Dataset entries:
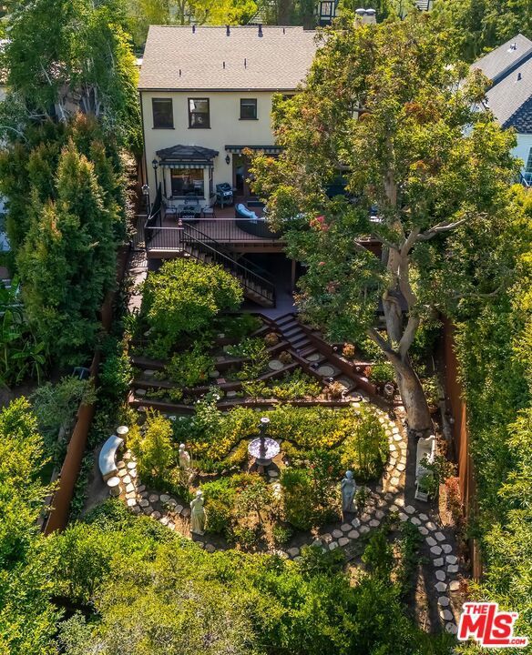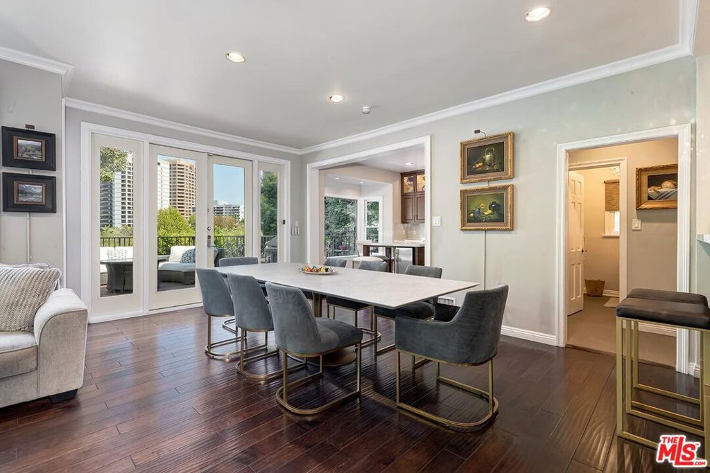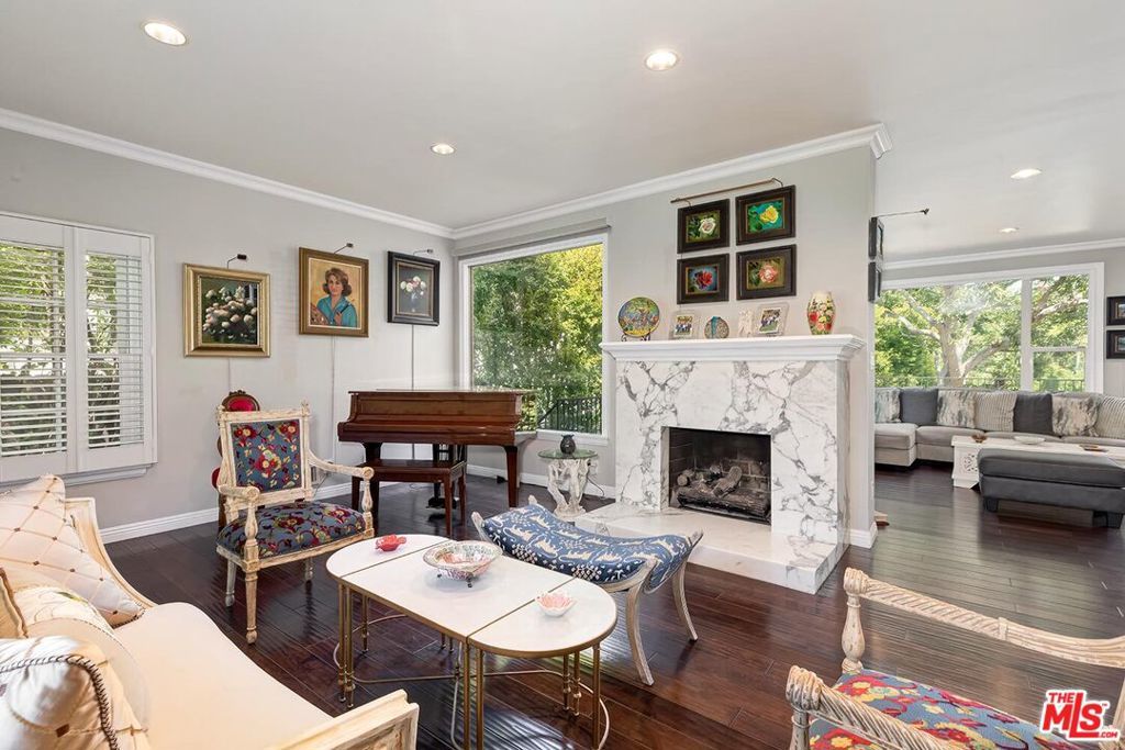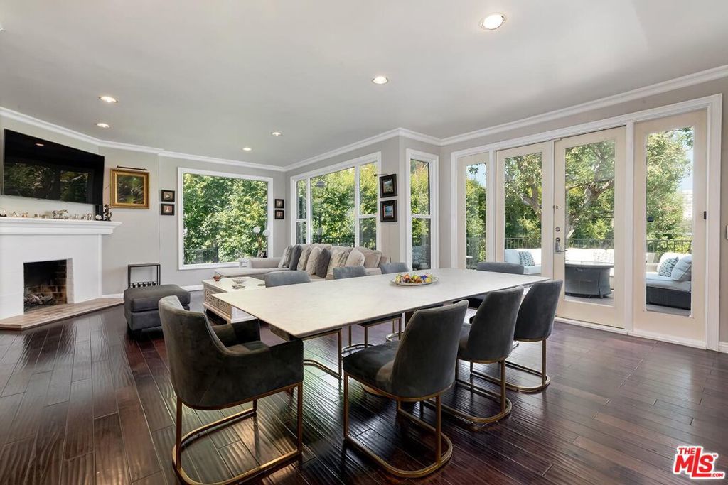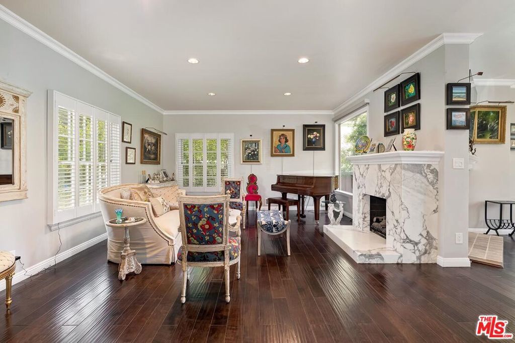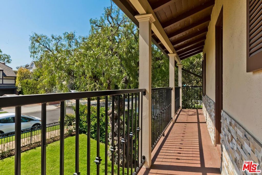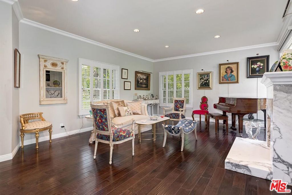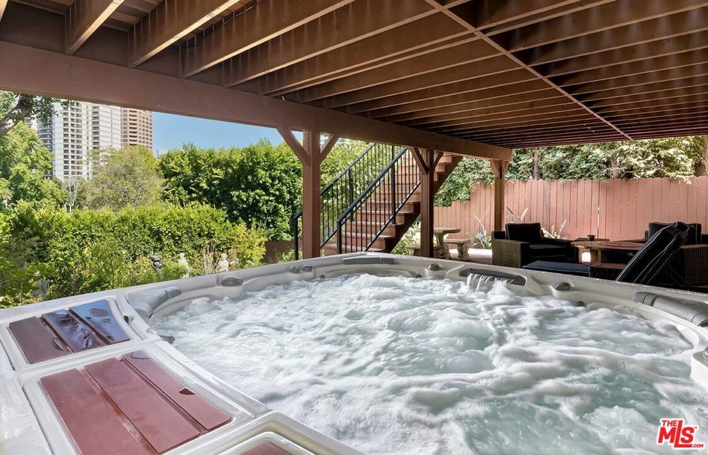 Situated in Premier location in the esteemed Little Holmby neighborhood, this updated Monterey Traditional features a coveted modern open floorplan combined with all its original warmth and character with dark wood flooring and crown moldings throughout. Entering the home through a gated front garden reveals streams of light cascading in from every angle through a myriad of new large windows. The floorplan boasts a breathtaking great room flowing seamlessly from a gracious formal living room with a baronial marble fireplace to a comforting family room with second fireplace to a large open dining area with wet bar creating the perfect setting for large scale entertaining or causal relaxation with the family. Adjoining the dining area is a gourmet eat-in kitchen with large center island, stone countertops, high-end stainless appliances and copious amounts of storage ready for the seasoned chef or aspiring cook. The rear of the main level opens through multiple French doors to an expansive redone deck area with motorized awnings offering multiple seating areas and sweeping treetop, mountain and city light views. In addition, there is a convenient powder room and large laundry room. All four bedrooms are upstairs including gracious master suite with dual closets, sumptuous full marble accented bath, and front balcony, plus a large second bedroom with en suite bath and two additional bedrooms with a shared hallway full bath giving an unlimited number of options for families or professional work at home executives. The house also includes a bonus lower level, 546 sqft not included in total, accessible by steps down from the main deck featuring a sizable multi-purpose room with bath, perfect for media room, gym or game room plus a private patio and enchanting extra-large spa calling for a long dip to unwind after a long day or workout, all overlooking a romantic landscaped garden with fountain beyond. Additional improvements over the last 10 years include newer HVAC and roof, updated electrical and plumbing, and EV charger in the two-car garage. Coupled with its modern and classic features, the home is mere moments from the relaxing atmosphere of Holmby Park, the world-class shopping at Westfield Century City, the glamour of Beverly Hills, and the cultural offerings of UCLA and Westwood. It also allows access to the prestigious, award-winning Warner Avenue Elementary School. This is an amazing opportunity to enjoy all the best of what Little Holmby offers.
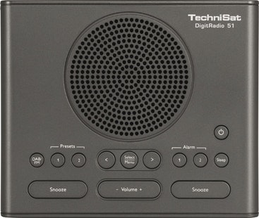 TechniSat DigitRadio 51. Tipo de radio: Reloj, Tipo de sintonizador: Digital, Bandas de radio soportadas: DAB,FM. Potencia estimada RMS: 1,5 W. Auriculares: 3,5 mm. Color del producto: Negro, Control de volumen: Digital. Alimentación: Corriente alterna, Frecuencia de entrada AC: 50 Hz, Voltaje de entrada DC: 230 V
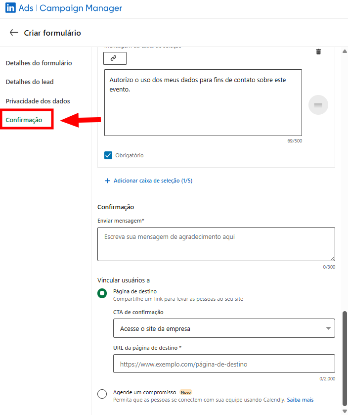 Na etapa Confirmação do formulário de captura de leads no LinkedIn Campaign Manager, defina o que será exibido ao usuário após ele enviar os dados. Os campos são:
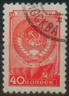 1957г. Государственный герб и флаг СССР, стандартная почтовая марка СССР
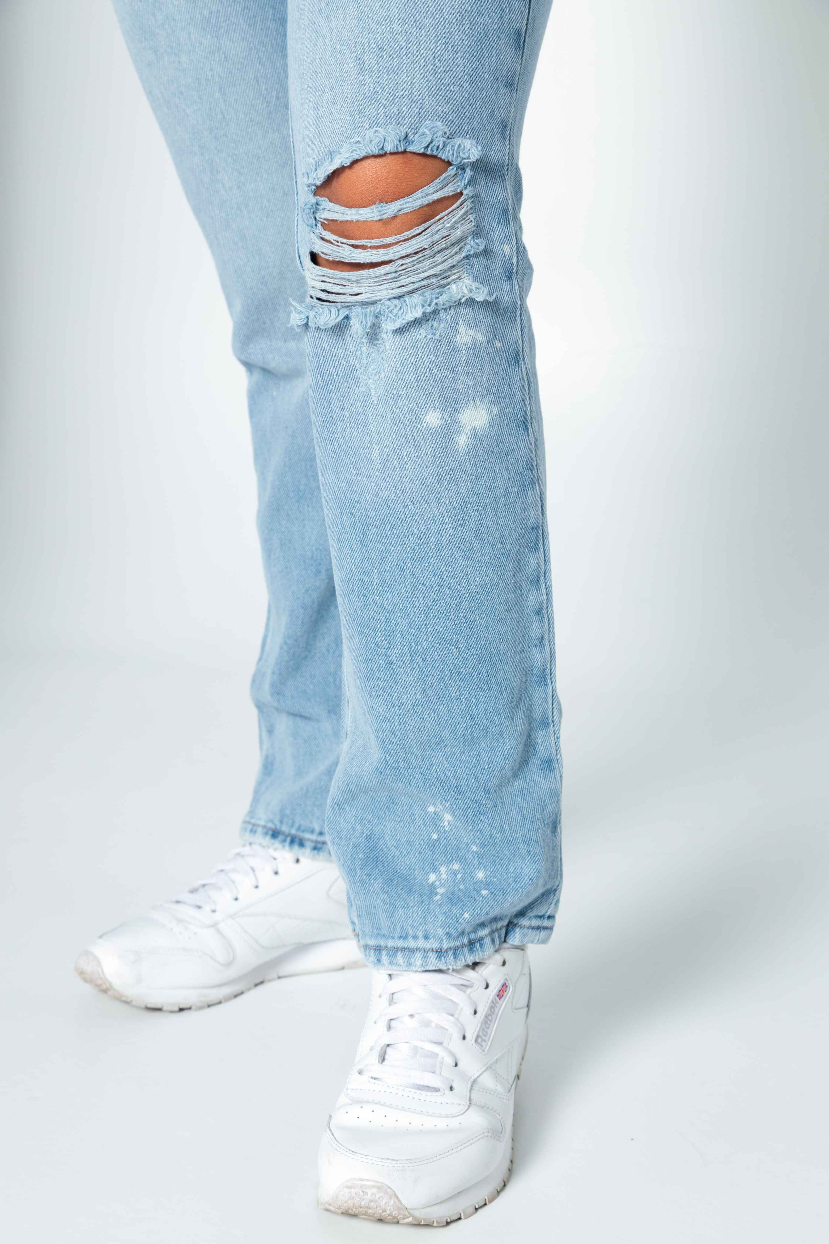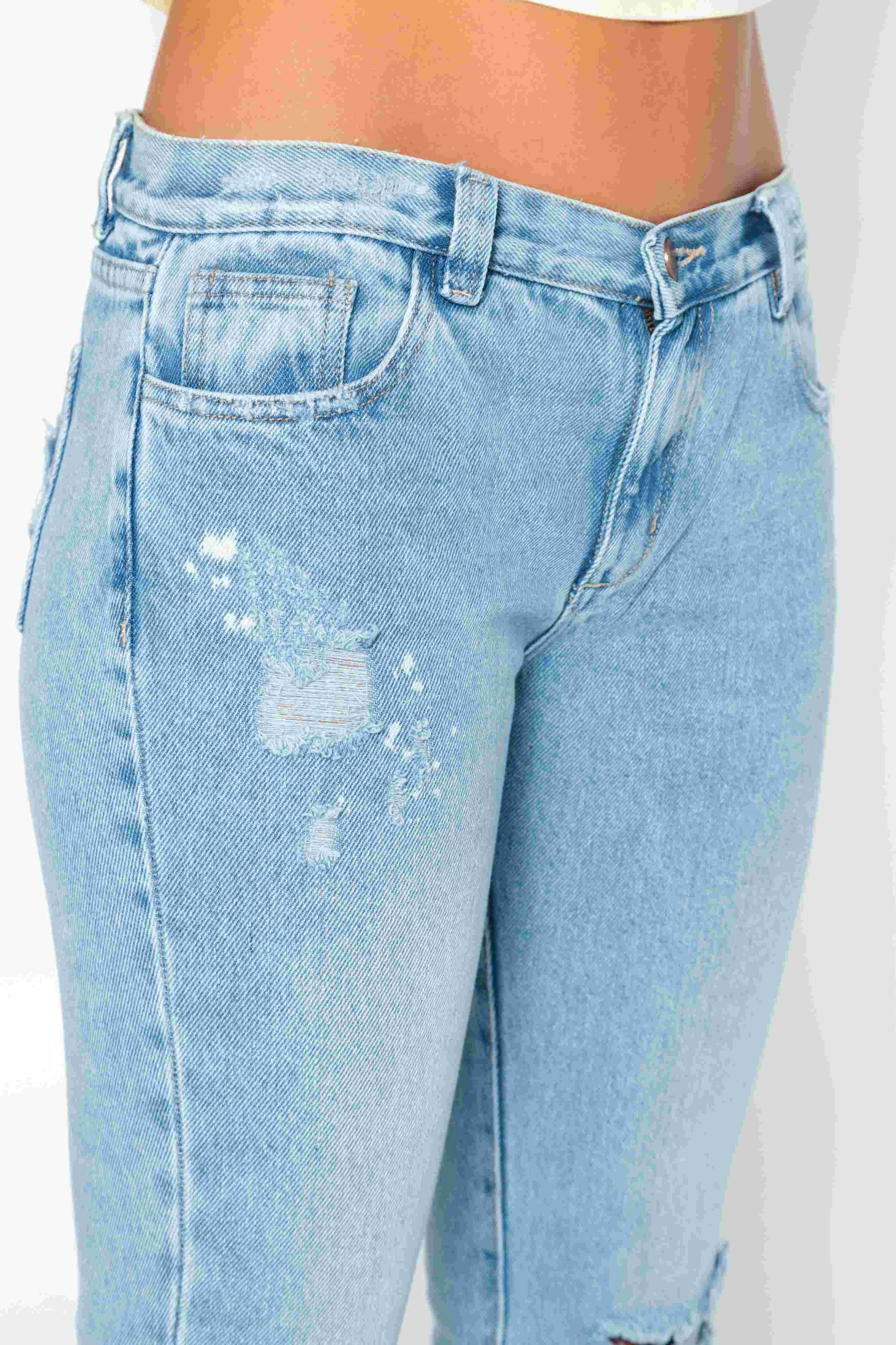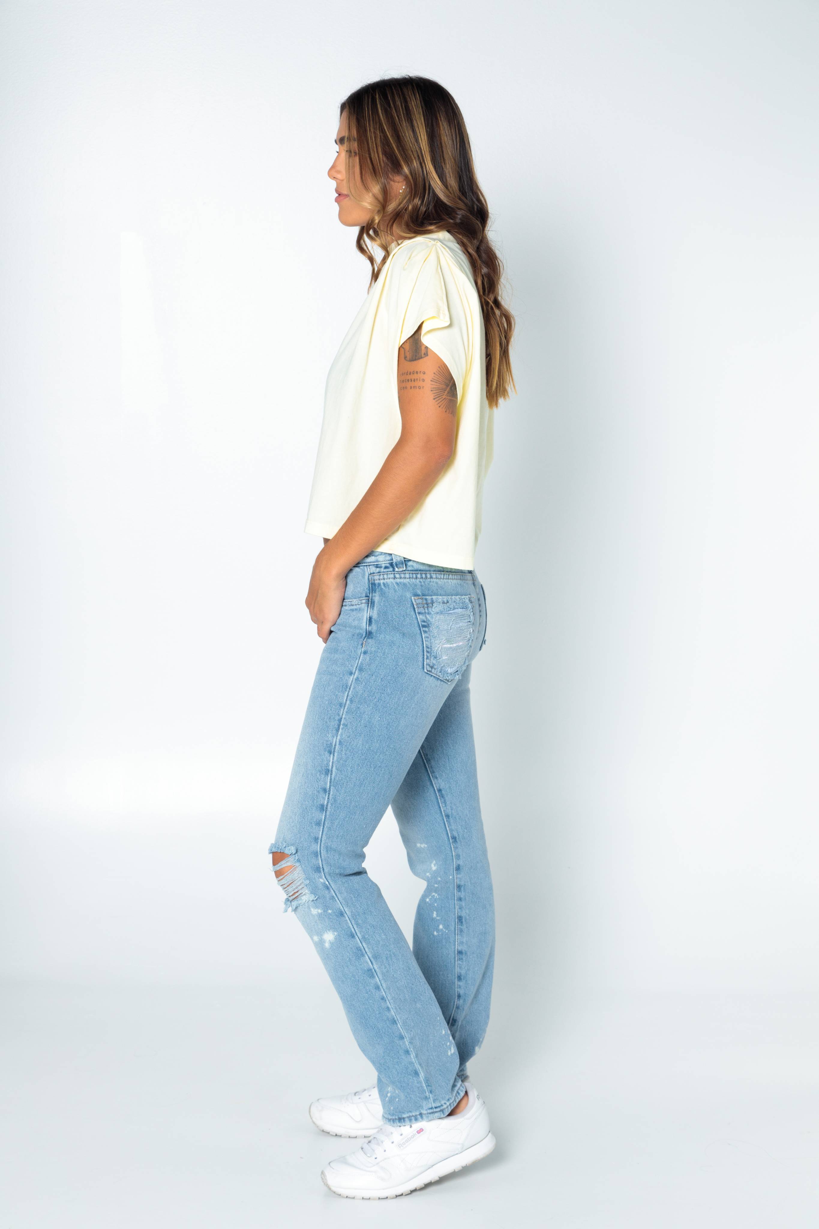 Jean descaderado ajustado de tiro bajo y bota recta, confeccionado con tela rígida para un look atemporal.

**Requirement:** The line containing "1957г. Государственный герб" and all lines after it, through the last line of the records, should be returned exactly. Omit the pictures.

**Answer section:**
 1957г. Государственный герб и флаг СССР, стандартная почтовая марка СССР
 Jean descaderado ajustado de tiro bajo y bota recta, confeccionado con tela rígida para un look atemporal.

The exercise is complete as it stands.